▶ **Problem description**:
From the first line to the last, transcribe the data exactly and skip the pictures.

▶ **Dataset excerpt**:
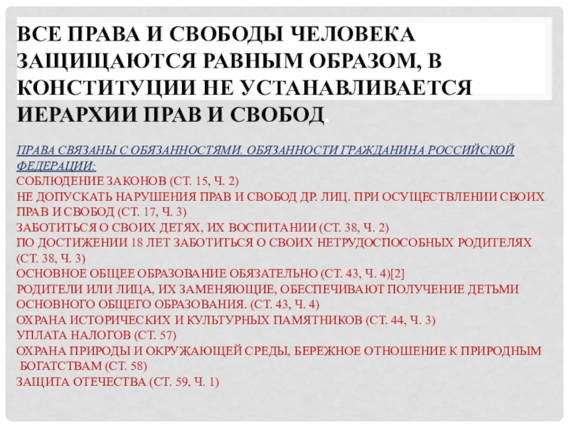 Слайд 19Все права и свободы человека защищаются равным образом, в Конституции не
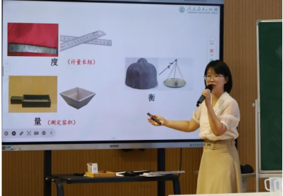 在“度量衡”主题环节,苍南县教师发展中心黄静老师首先围绕项目目标与单元框架进行阐述,清晰勾勒出“为何学、学什么、如何学”的整体实施路径,为后续教学实践奠定基础。龙港市姜立夫小学唐慧荣老师随后开展《初识度量衡——问题墙的产生》模拟上课。她以“关于度量衡,你想研究什么?”为驱动性问题,引导学生提出个性化疑问,逐步凝练关键主题、组建研究小组并制定初步计划,体现以学生为主体的教学设计。温州市中通实验学校邹安琪老师执教《走进度量衡》一课,从“度量衡的历史演变”切入,组织学生动手操作“商鞅方升”等古代量器,在实践测量中自然引发对计量单位演变过程的思考,实现文化体验与数学思维的有机融合。苍南县第三实验小学钟政营老师则聚焦项目成果展示环节,系统介绍从任务设置、成果样态到展示流程的整体设计,展现项目化学习在推动学生深度探究与综合素养提升方面的有效路径。
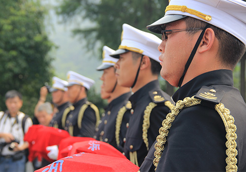 圖為儀仗隊手捧9位老兵的骨灰盒

▶ **Solved exercise**:
 Слайд 19Все права и свободы человека защищаются равным образом, в Конституции не
 在“度量衡”主题环节,苍南县教师发展中心黄静老师首先围绕项目目标与单元框架进行阐述,清晰勾勒出“为何学、学什么、如何学”的整体实施路径,为后续教学实践奠定基础。龙港市姜立夫小学唐慧荣老师随后开展《初识度量衡——问题墙的产生》模拟上课。她以“关于度量衡,你想研究什么?”为驱动性问题,引导学生提出个性化疑问,逐步凝练关键主题、组建研究小组并制定初步计划,体现以学生为主体的教学设计。温州市中通实验学校邹安琪老师执教《走进度量衡》一课,从“度量衡的历史演变”切入,组织学生动手操作“商鞅方升”等古代量器,在实践测量中自然引发对计量单位演变过程的思考,实现文化体验与数学思维的有机融合。苍南县第三实验小学钟政营老师则聚焦项目成果展示环节,系统介绍从任务设置、成果样态到展示流程的整体设计,展现项目化学习在推动学生深度探究与综合素养提升方面的有效路径。
 圖為儀仗隊手捧9位老兵的骨灰盒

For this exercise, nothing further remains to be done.